Despite early struggles in the United States, German discount grocery chain Lidl still believes it can grow in this country and replicate its longtime German foe Aldi’s success.
Lidl announced Friday that it will open up 25 new stores by next spring on the East Coast in states such as Maryland, New York, Pennsylvania and the Carolinas. Those openings and others will bring Lidl’s US footprint to more than 100 stores by the end of 2020, two years behind Lidl’s original schedule.
“We are committed to long-term growth in the United States,” Johannes Fieber, CEO of Lidl’s US operation, said in a statement. “These new stores are part of the next steps in our US expansion.”
Lidl is a global grocery giant with more than 10,500 stores in 29 countries. But unlike its German rival Aldi, which entered the United States in 1976 and has reached nearly 1,900 stores here, Lidl only recently moved to the country.
Lidl’s had mixed success since it cut the ribbon on its first US stores in the summer of 2017.
The company initially had lofty goals and planned to shake up the US market by opening 100 locations within its first year. It relied on tactics similar to Aldi’s to break into the market: slashing prices, offering mostly private-label brands, and emphasizing its organic food and fresh produce selections.
But Lidl made early mistakes. Its stores were too big and too far from urban hubs, which undercut its attempt to establish itself as a convenient option, according to analysts.
“The biggest mistake they have made is around their real estate strategy,” said Simon Johnstone, an analyst at Kantar. “When it’s bigger, they lose the aura of it being simple and easy to shop.”
Lidl has recently adjusted its strategy and slowed down store openings. It replaced its US CEO last year and struck a partnership with Boxed for an online home delivery pilot.
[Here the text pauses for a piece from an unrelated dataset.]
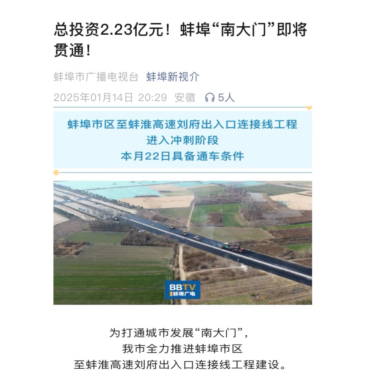 1月14日上午,安徽水利Y011蚌淮高速項(xiàng)目部全線路面工程圓滿完工,預(yù)計(jì)本月22日基本具備通車條件,受到蚌埠日?qǐng)?bào)紙媒、蚌埠市廣播電視臺(tái)等主流媒體關(guān)注報(bào)道。

The company is focusing on opening smaller stores in higher-traffic areas. For example, it recently opened three stores outside of Atlanta. The company also acquired 27 Best Market supermarkets in New York and New Jersey to gain a foothold in that market. It will re-brand those stores to Lidl in the next two to three years.
“I wouldn’t count out them doing a few more small scale, local acquisitions,” Johnstone said.
Lidl’s biggest impact in the Untied States so far has been to force other supermarkets to lower prices.
In six areas in Virginia and North Carolina where Lidl opened stores in 2017, nearby supermarkets lowered prices on a half-gallon of milk by up to 55% compared with places where Lidl stores were not present, according to a study by Katrijn Gielens, a associate professor of marketing at UNC’s Kenan-Flagler Business School. Prices for avocados and bread were up to 30% lower at supermarkets near Lidl stores, Gielens found.
Walmart, in particular, has aggressively countered Aldi and Lidl’s expansion.
“The discounters are very worthy competitors and keep us extremely honest in terms in terms of our price position,” Walmart US CEO Greg Foran said last week on a call with reporters. “We track them closely.”